Hubs prediction using histone marks is robust across datasets and cell types

To test the robustness of our prediction, we repeated our analysis on a recently published Hi-C dataset with higher spatial resolution in multiple cell-types [12]. To identify hubs from this dataset, we first normalized the raw interaction matrix (at 5 kb resolution) using the ICE (Iterative Correction and Eigenvector Decomposition) algorithm [25]. Then we identified statistically significant chromatin interactions by using Fit-Hi-C [26] (Methods).

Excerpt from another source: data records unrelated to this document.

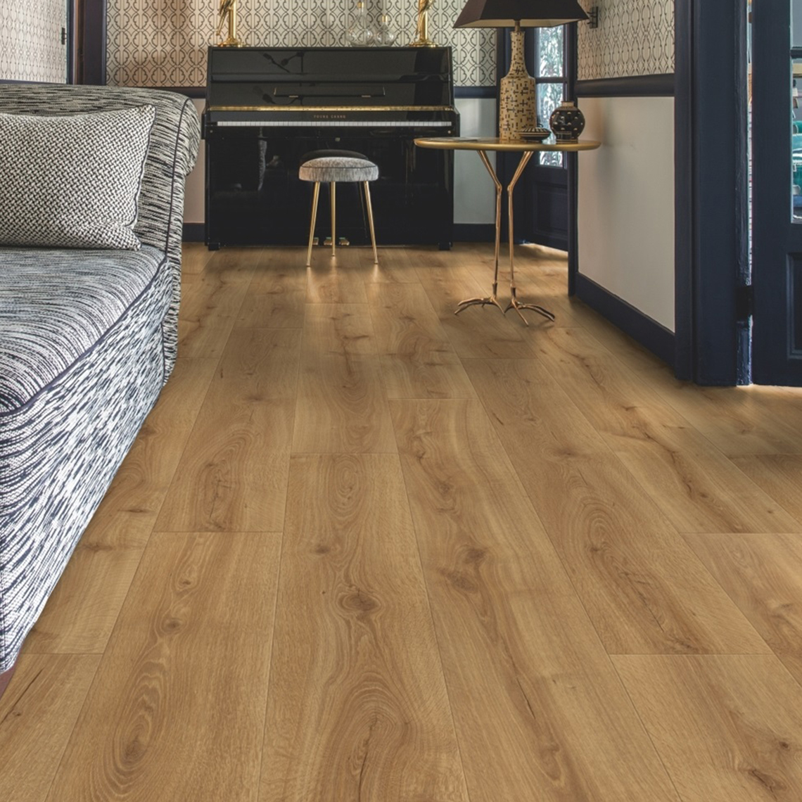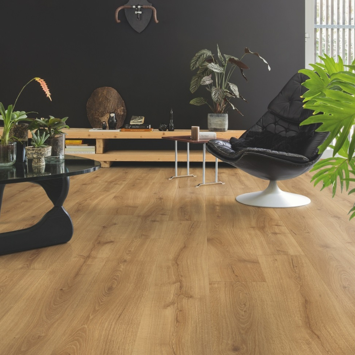 Panele podłogowe Dąb Pustynny Naturalny Ciepły MJ3551 to doskonały wybór dla tych, którzy pragną piękna i trwałości. Dzięki wodoodpornej powłoce HydroSeal nie musisz się martwić o przenikanie wody, a czterostronna fuga doda autentycznego wyglądu drewnianej podłodze. Szerokie i długie deski (205x24cm) optycznie powiększą wnętrze Twojego domu. Klasa 32 i matowe wykończenie nadają podłodze elegancki, niepołyskliwy wygląd. Dożywotnia gwarancja producenta Quick Step sprawia, że to inwestycja na lata.
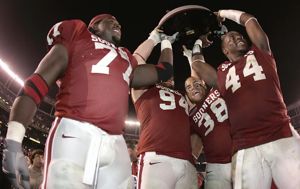 SAN DIEGO – DECEMBER 29: (L-R) Davin Joseph #77, Dusty Dvoracek #94, J.D. Runnels #38 and Clint Ingram #44 of the Oklahoma Sooners celebrate their 17-14 win over the Oregon Ducks with the winner’s trophy after the Pacific Life Holiday Bowl on December 29, 2005 at Qualcomm Stadium in San Diego, California. (Photo by Donald Miralle/Getty Images)
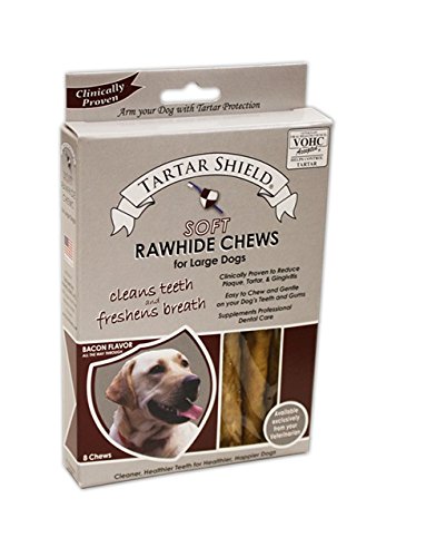 -. Feature : Prevents tartar, plaque, freshens breath, cleans teeth and helps to reduce bacteria / Many dogs have trouble chewing conventional rawhide, which can present choking hazards. Our Chews are specially made to "give" when your dog bites into them, making rawhide suitable for every dog! / In most dog chews, the flavoring is only coated on the surface, in Tartar Shield Soft Rawhide Chews, the savory bacon flavor is baked all the way through, making each bite as delicious as the first / Tartar Shield Soft Rawhide Chews are coated with a unique mixture containing sodium tripolyphosphate to prevent tartar formation and an antimicrobial agent to prevent plaque formation and malodor / Veterinary recommended
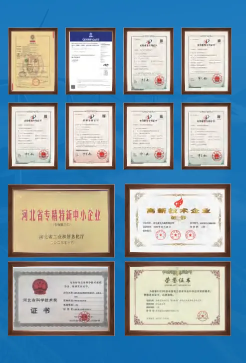 公司的研发实力与行业贡献已获得专利、标准与奖项的多重认证,技术实力处于行业领先地位。截至目前,公司已获得45项授权专利,参与制定3项国家标准和3项团队标准,承担23项研发项目和3项政府课题,取得11项新技术/新工艺成果和3项重大科技成果转化。其中一项成果荣获2020年度河北省科技进步二等奖,经鉴定达到"国际先进"水平。
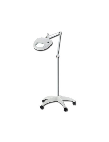 Lampa Wooda z lupą na wózku do diagnostycznych badań skóry, wyposażona w soczewkę powiększającą.
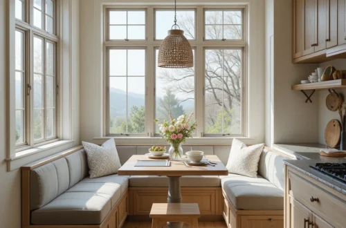 Instead of a traditional dining table, a built-in banquette or fold-down counter enhances a small kitchen remodel. These compact dining solutions add comfort without overwhelming the space and often include hidden storage beneath seating.
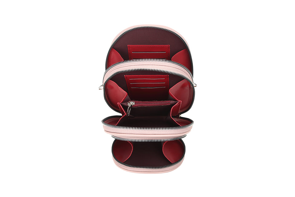 Two main zip pockets - one has a card section and the other has 2 compartments inside with a card section and central zipped pocket. Smaller zipped pocket on the front of the bag with photo mount.
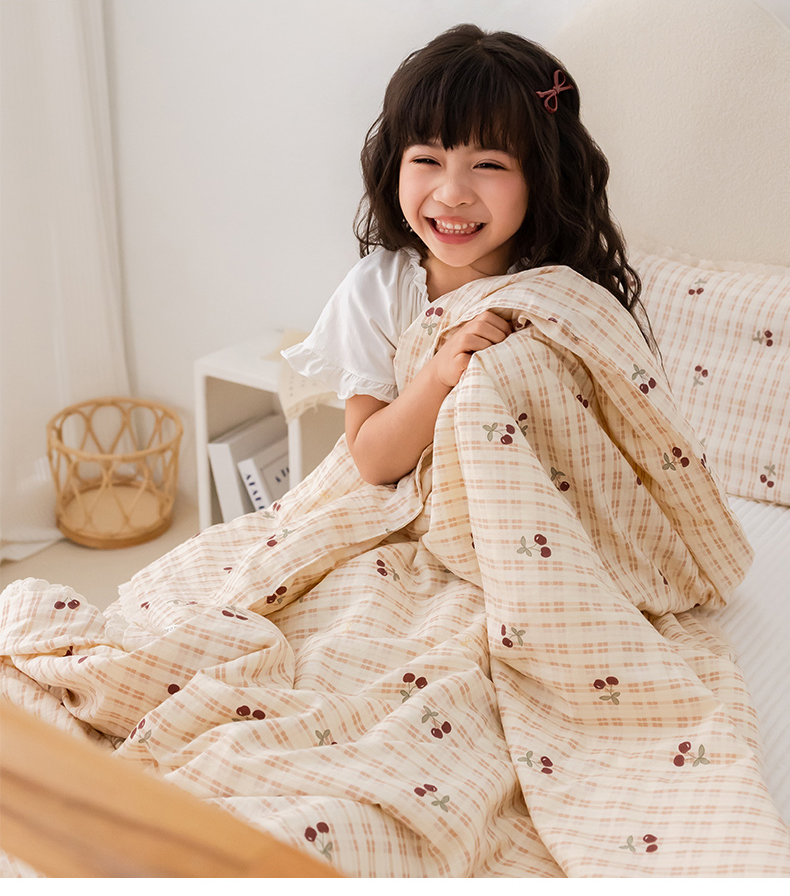 • 91家纺网 家纺一手货源 找家纺 心卓婴童馆 2026春夏新款云感棉四季被大豆被被子被芯 红色樱桃
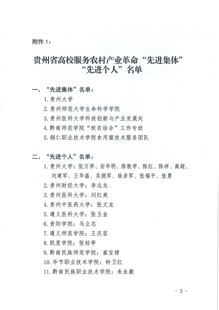 省教育厅日前发布了《关于对贵州高校服务农村产业革命先进集体、先进个人及学位与研究生教育工作优秀工作者给予表扬的通知》,永利官网科技创新与产业发展处获得服务农村产业革命“先进集体”,刘红美教授获得服务农村产业革命“先进个人”荣誉称号,陆德琴、梅梅、邢皓三名教师获“学位与研究生教育工作优秀工作者”荣誉称号。
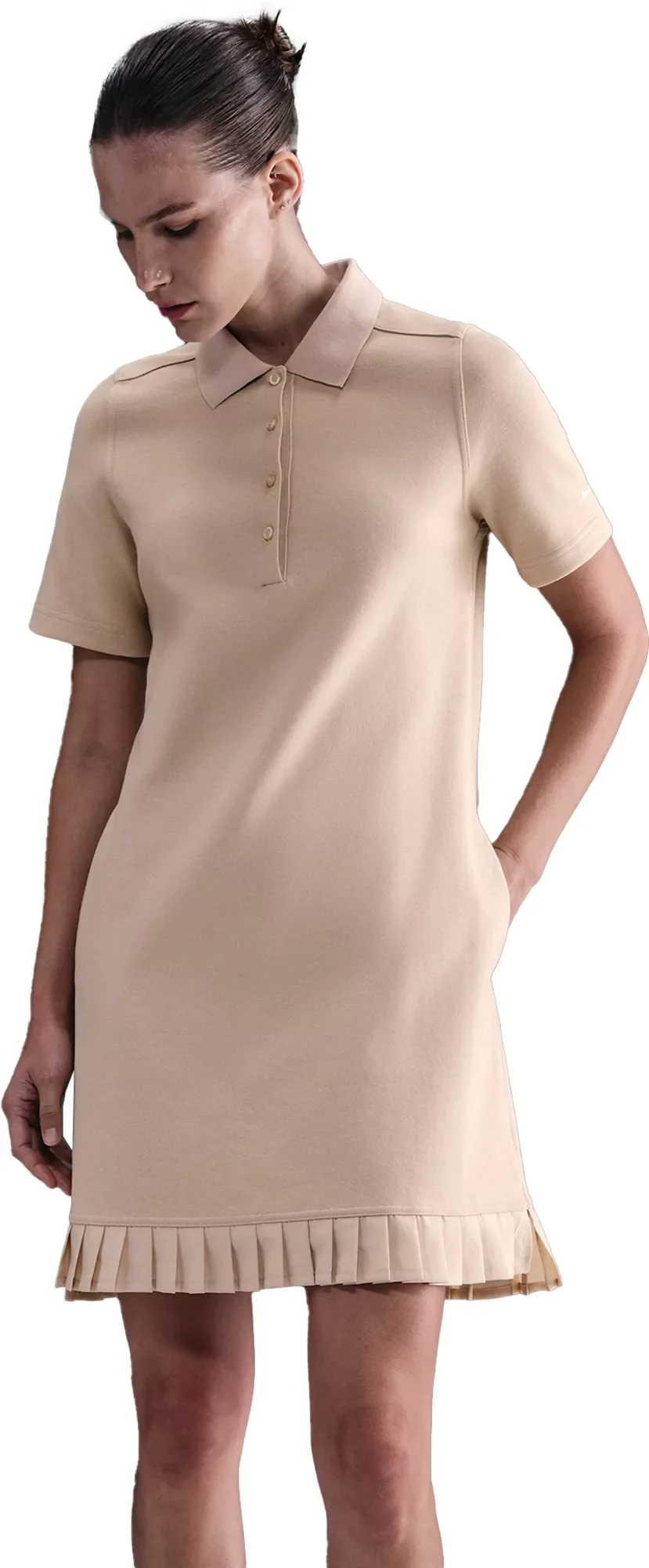 Level up your course outfit. This polo dress is crafted in midweight, breathable pique fabric and finished with a pleated hem so you can move with comfort and flair. Fit & Design: Short sleeve dress Collared 4-button placket Midweight, breathable pique fabric Pleated hem Features Nike Golf logo on back Additional Details: Machine wash
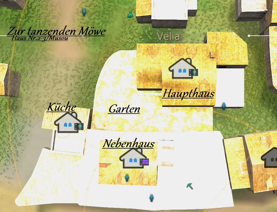 Das Lusthaus "Die Tanzende Möwe" liegt im Zentrum der Hafenstadt Velia in Haus Nr. 2-3/Musou. Die Tanzende Möwe bietet seinen Gästen ein unvergessliches Erlebnis, das die Sinne benebelt, die Muskeln tiefenentspannt und den Leib in lustvolle Ekstase treibt. Für wenig bis üppig gefüllte Silberbeutel bietet das Lust- und Entspannungshaus ein vielfältiges Dienstleistungsportfolio an, welches das Leid, die Sorgen und Nöte des Alltags vergessen lässt.
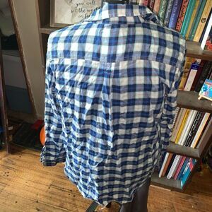 American Eagle tartan, plaid, blue, lightweight, relaxed, boyfriend fit, button down shirt. Approximately 21 inches from armpit to armpit, 28 inches long. In good, used condition. From a pet and smoke free home.
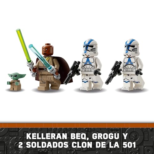 El set incluye un detallado speeder BARC con sidecar, perfecto para recrear la temeraria escena de huida de la serie. Con sus 221 piezas, este modelo no solo es un desafío para construir, sino que también es un placer para exhibir. Además, incluye tres minifiguras icónicas: Kelleran Beq con sus espadas láser azul y verde, dos soldados clon de la 501 y, por supuesto, la adorable figura de Grogu.
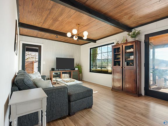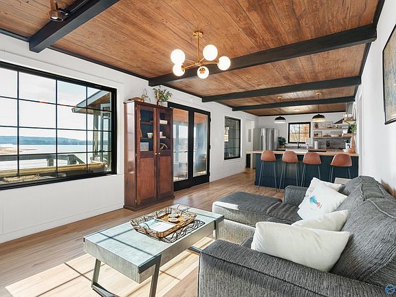 Beautifully updated Smith Lake bungalo right next to the Smith Lake Marina and Brothers Pourhouse & Kitchen restaurant. Easily accessible from 1-65, only 10 minutes off the highway. Year round deep water double slip covered dock for your boats and/or water toys. Great views of Goat Island and Smith Lake park. The interior was fully updated with an attractive modern kitchen, tiled bathroom, and open living room. This home presents an opportunity to own a vacation rental and long term investment as million dollar homes are being built on lots just like this one. Rare opportunity to own a home on the north east side of Smith Lake with great water.

We ranked the 5 kb segments by the interaction frequency and defined the hubs as the top 10 % segments (Fig. 4a, Additional file 1: Figure S2A), and referred to this set as the Rao2014 hubs in order to distinguish it from the set of hubs defined from ref. 11 (referred to as the Jin2013 hubs). Despite the difference in experimental protocols, these two sets of hubs overlapped quite substantially. About 60 % of the Rao2014 hubs overlapped with the Jin2013 hubs. For example, the chromatin interaction profiles identified from these two datasets were very similar at the LIN28A locus, and the hub locations were nearly identical (Fig. 4b).

Fig. 4
figure 4

Analysis of the Rao2014 dataset. a Workflow for identifying hubs from the raw interaction matrix. b Comparison between the Rao2014 and Jin2013 datasets. Genome browser snapshots showing two hubs adjacent to the LIN28A locus (indicated by red and blue respectively) and their associated targets in each dataset are shown. c Prediction accuracy for the Rao2014 IMR90 hubs. The ROC curves correspond to the testing data. AUC scores are shown in parentheses. d Prediction accuracy for applying the Rao2014 IMR90 model to predict hubs in other datasets (Jin2013) or cell-types (GM12872(Rao2014) and K562 (Rao2014)). The ROC curves correspond to the testing data. AUC scores are shown in parentheses

To evaluate the robustness of our computational predictions, we used the aforementioned strategy to classify the Rao2014 hubs for the IMR90 cells and compared the results we obtained from the Jin2013 hubs. As before, the prediction accuracy was quite high (AUC = 0.892) (Fig. 4c, Additional file 1: Figure S2B). Of note, H3K4me1 and H3K27me3, the most informative predictors identified by analyzing the Jin2013 dataset, were also highly predictive for the Rao2014 dataset (AUC = 0.87). In addition, the BART model trained using hubs from Rao2014 well predicted the hubs in Jin2013 (AUC = 0.817) (Fig. 4d), suggesting the model performance could not be attributed to platform-specific artifacts.

Since our ultimate goal is to use histone mark based predictions to guide chromatin interaction profiling, we tested whether our model developed based on the IMR90 dataset was useful for prediction of chromatin interaction hubs from a different cell-type. We applied this model to predict hubs in two different cell-types: GM12878 and K562, using the cell-type specific histone mark data as input. In both cases, the prediction accuracy was good (AUC = 0.836 for GM12878; and AUC = 0.796 for K562) (Fig. 4d). Taken together, these analyses strongly suggest that our model is robust and provides a useful guide for identifying cell-type specific chromatin interaction hubs.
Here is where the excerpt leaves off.